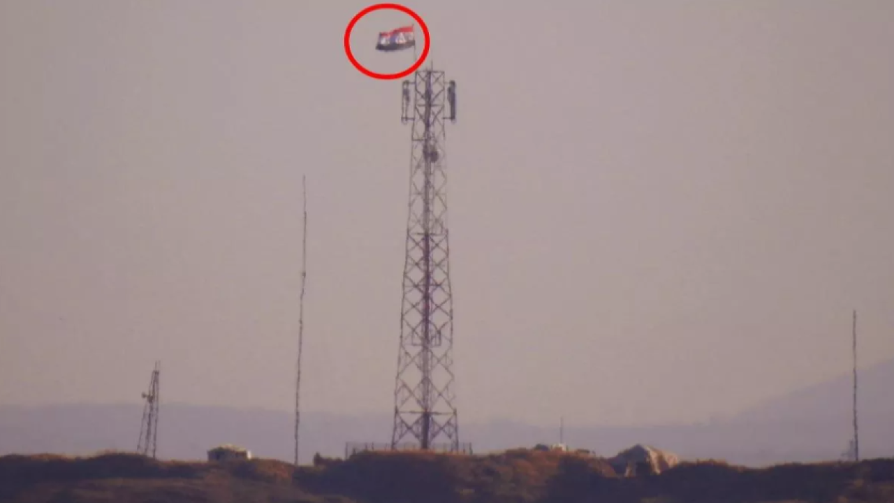 AA'nın Fırat Kalkanı bölgesindeki cephe hattından yaptığı çekimde, Tel Rıfat merkezinin tam ortasındaki büyük anten kulesinde rejim bayrağının asılı olduğu görülüyor.
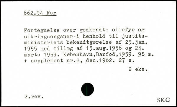 Fortegnelse over godkendte oliefyr og sikringsorganer.i henhold til justitsministeriets bekendtgørelse af 25.jan. 1955 med tillæg af i5.aug.1956 og 24. marts 1959.
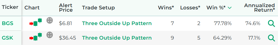 That tool ensures that you don't have to waste time flipping through stock charts manually to find stocks with a three outside up candle pattern.
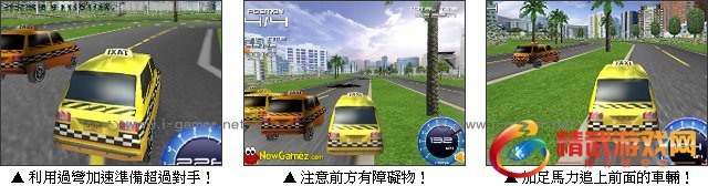 游戏操作:以键盘方向键操作计程车前进方向,Enter 键暂停。提示:赛车卡住时以滑鼠点击游戏画面即可正常游戏。
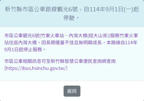 停駛路線 觀光6號 竹東火車站—內灣大橋(經大山背)
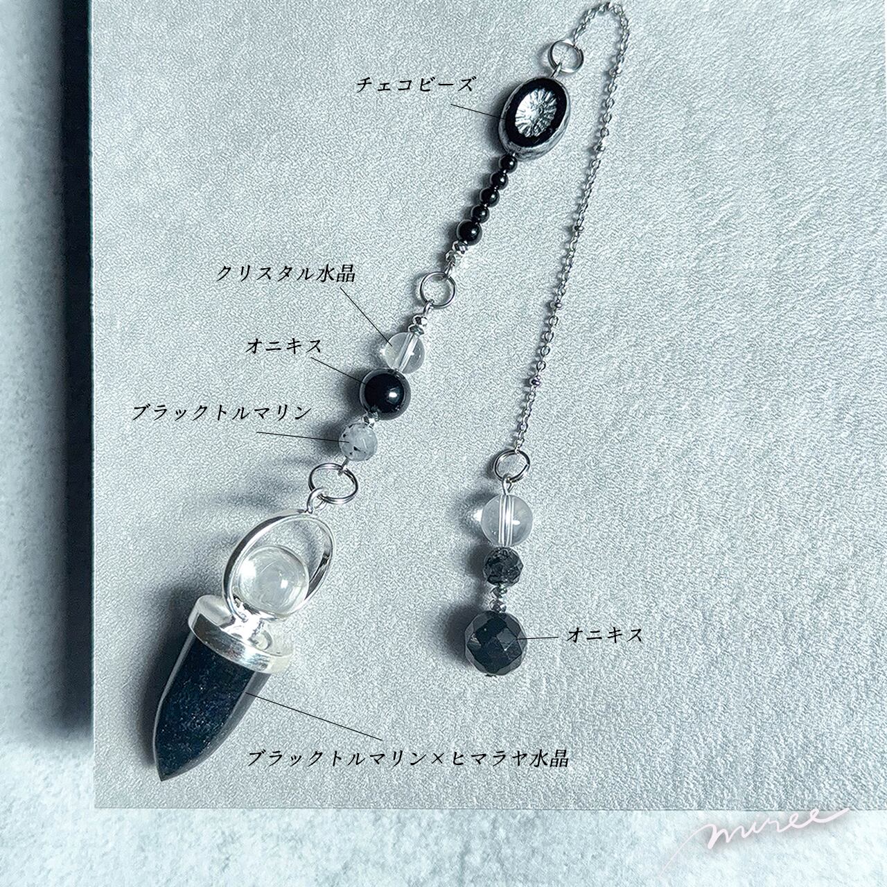 ・使用パーツ:ブラックトルマリン×ヒマラヤ水晶、オニキス、クリスタル水晶、ヘマタイト、チェコビーズ
----
## Problem statement:
Restate the data exactly, though only from the line that contains "Fortegnelse over godkendte" through its last line, both ends included and with the pictures left out.

## Reply:
 Fortegnelse over godkendte oliefyr og sikringsorganer.i henhold til justitsministeriets bekendtgørelse af 25.jan. 1955 med tillæg af i5.aug.1956 og 24. marts 1959.
 That tool ensures that you don't have to waste time flipping through stock charts manually to find stocks with a three outside up candle pattern.
 游戏操作:以键盘方向键操作计程车前进方向,Enter 键暂停。提示:赛车卡住时以滑鼠点击游戏画面即可正常游戏。
 停駛路線 觀光6號 竹東火車站—內灣大橋(經大山背)
 ・使用パーツ:ブラックトルマリン×ヒマラヤ水晶、オニキス、クリスタル水晶、ヘマタイト、チェコビーズ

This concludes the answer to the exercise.